ST. LOUIS (AP) - Up to 2.4 million credit cards and debit cards used by customers at Schnucks grocery stores in four states may have been compromised over a three-month period, the suburban St. Louis chain said Monday.
Schnucks Markets Inc. for the first time outlined the potential breadth of the fraud that came to light last month. Many customers have reported fraudulent charges, some in the thousands of dollars.
The grocery chain contacted police and the FBI after learning of the fraud and hired a private investigation firm. It was determined that the breach dated to December.
Schnucks said its investigator, the Virginia-based cyber-security firm Mandiant, on March 28 identified Malware that would allow an attacker to access card numbers. The company's information technology unit and Mandiant completed security enhancements by March 30, prompting Schnucks to call the problem "found and contained."
A spokeswoman for the FBI declined comment.
Chairman and CEO Scott Schnuck apologized to customers for the breach.
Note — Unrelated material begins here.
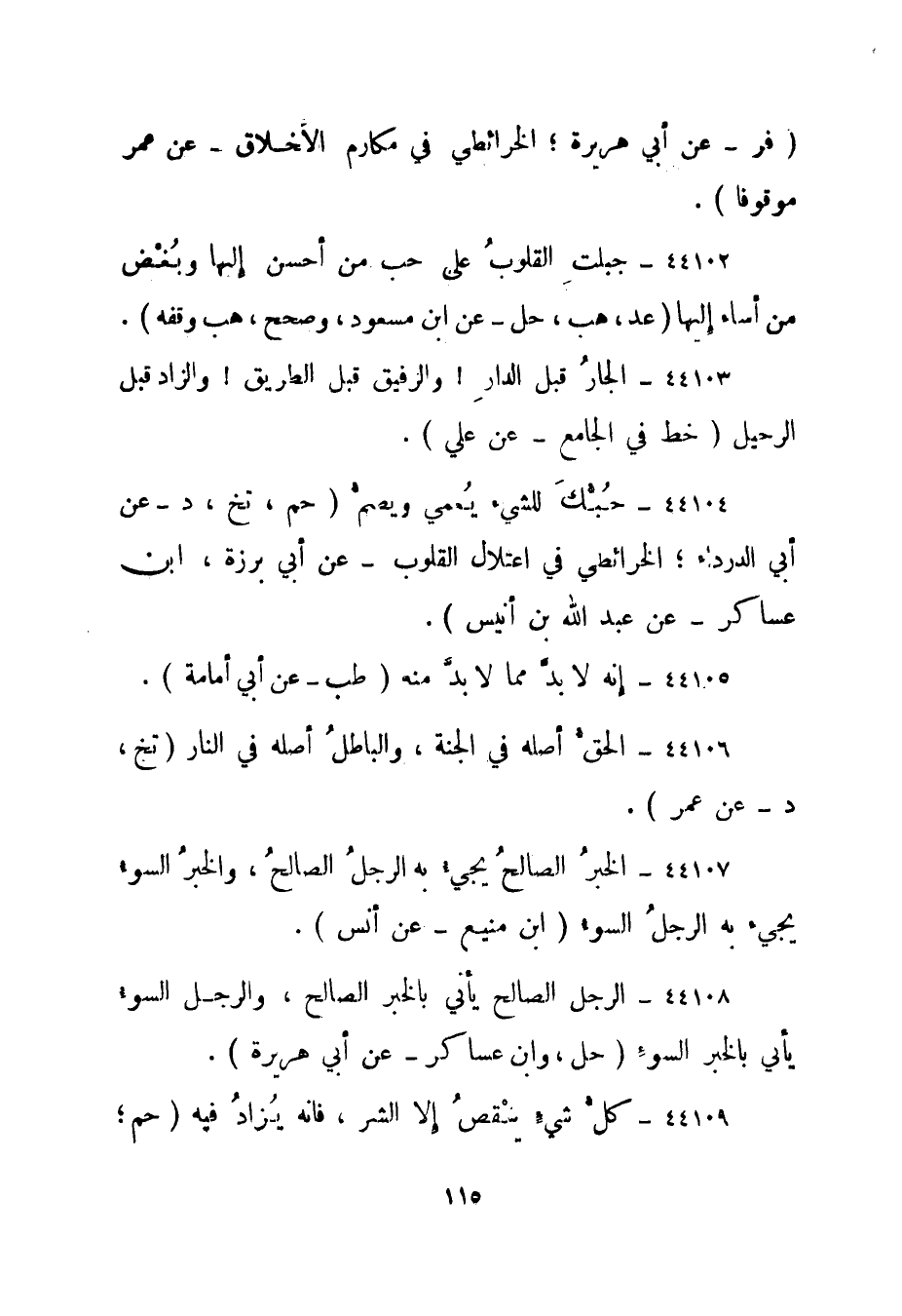"فر - عن أبي هريرة؛ الخرائطي في مكارم الأخلاق - عن عمر موقوفا".

"Over the years, technology has helped us deliver superior customer service, but it also introduces risks that we have actively worked to manage through compliance audits, encryption technology and various other security measures," Schnuck said in the statement.
Many customers have questioned why they weren't informed earlier. Some have said they'll never again shop at Schnucks.
Schnucks said it delayed offering details until the facts of the breach were more clear.
"From the outset, we have been communicating reliable facts and useful information as they became available," the statement said.
The majority of Schnucks stores are in the St. Louis area, but it operates in five states: Missouri, Illinois, Iowa, Indiana and Wisconsin. The company said 79 of its 100 stores were affected by the breach. Six of the affected stores, all in Illinois, operate under the Hilander name.
A list of affected stores is on the company's website, www.schnucks.com. It includes 50 St. Louis-area stores on the Missouri side; seven on the Illinois side of the St. Louis area; 16 others in Illinois; three others in Missouri (Cape Girardeau, Columbia and Jefferson City); two in Indiana (Evansville and Newburgh) ; and one in Iowa (Bettendorf). No stores were affected in Wisconsin.
Investigators determined that the breach involved only card numbers and expiration dates, not the cardholder's name, address and other identifying information, the statement said.
"Customers have asked me if it is safe to shop at Schnucks," Scott Schnuck said. "Yes, we believe it is, and we will work hard to keep it that way."
Schnucks warned that even though the problem was contained by the end of March, new fraud could show up. "Groups who steal credit cards from merchants will often wait and then sell the stolen credit cards in batches over time," the company said.
It urged customers to watch their accounts or contact the issuer of the card, who can monitor activity or issue a new card. Schnucks said it has also reached out to card issuers.